*** Block opens ***

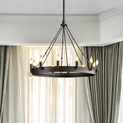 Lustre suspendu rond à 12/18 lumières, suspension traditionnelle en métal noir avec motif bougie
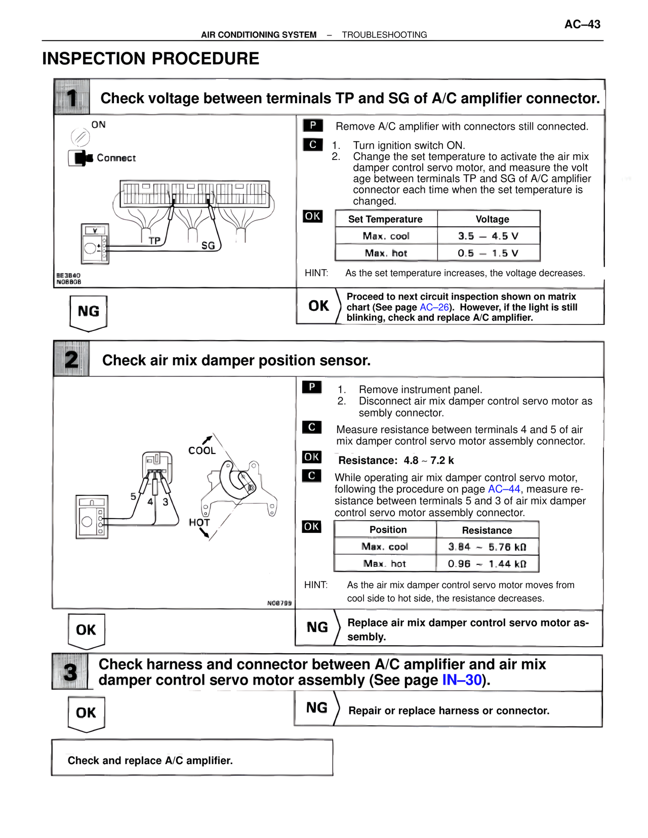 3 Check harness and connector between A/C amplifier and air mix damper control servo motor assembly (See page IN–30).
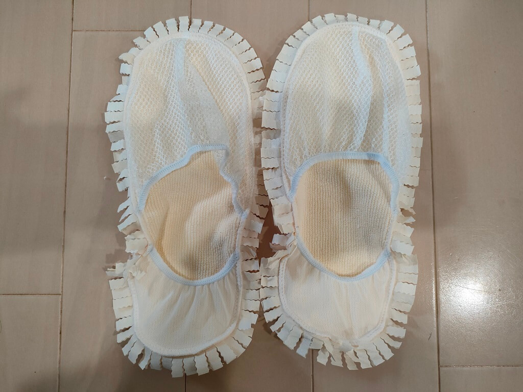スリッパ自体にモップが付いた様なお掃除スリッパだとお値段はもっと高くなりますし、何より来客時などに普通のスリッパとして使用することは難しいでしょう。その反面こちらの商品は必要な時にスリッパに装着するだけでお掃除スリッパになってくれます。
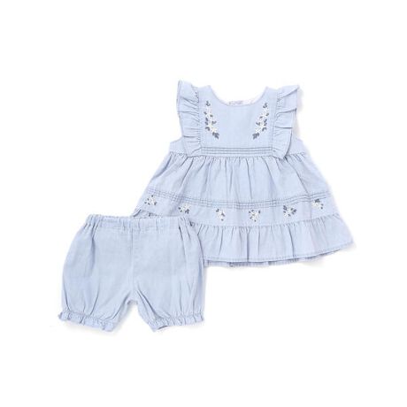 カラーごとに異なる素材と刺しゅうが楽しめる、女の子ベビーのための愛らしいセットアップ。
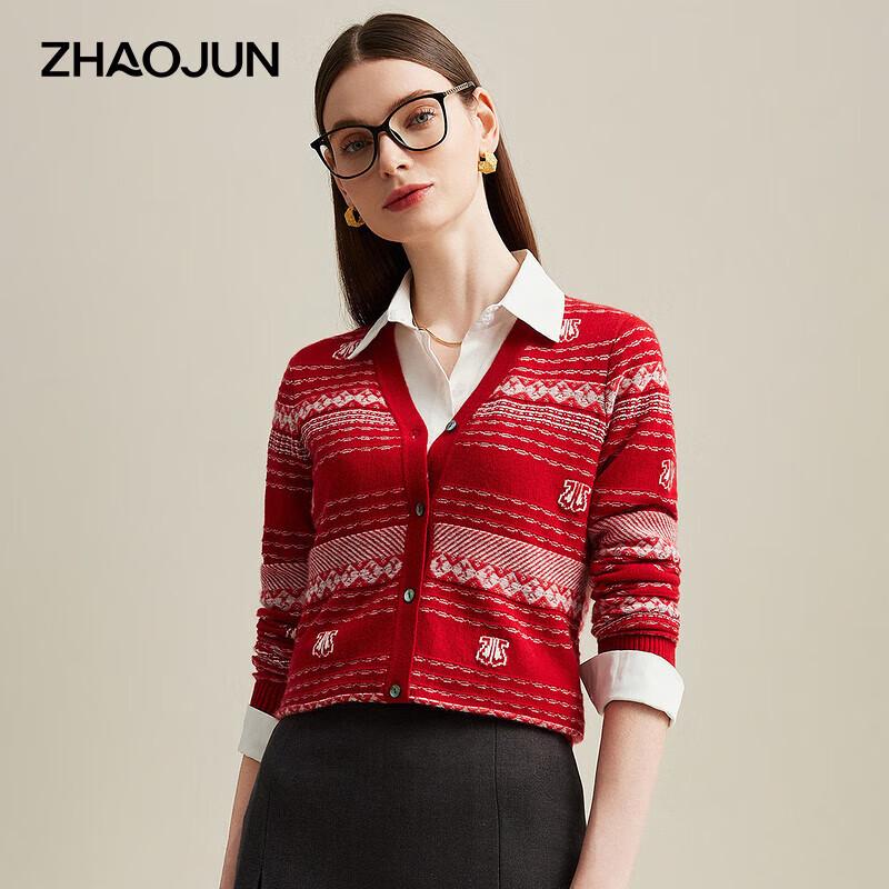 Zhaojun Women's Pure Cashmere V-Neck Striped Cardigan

*** Block closes ***

**YOUR INSTRUCTIONS**
Without including any pictures, reproduce the data exactly.

**SOLVED EXERCISE**
 Lustre suspendu rond à 12/18 lumières, suspension traditionnelle en métal noir avec motif bougie
 3 Check harness and connector between A/C amplifier and air mix damper control servo motor assembly (See page IN–30).
スリッパ自体にモップが付いた様なお掃除スリッパだとお値段はもっと高くなりますし、何より来客時などに普通のスリッパとして使用することは難しいでしょう。その反面こちらの商品は必要な時にスリッパに装着するだけでお掃除スリッパになってくれます。
 カラーごとに異なる素材と刺しゅうが楽しめる、女の子ベビーのための愛らしいセットアップ。
 Zhaojun Women's Pure Cashmere V-Neck Striped Cardigan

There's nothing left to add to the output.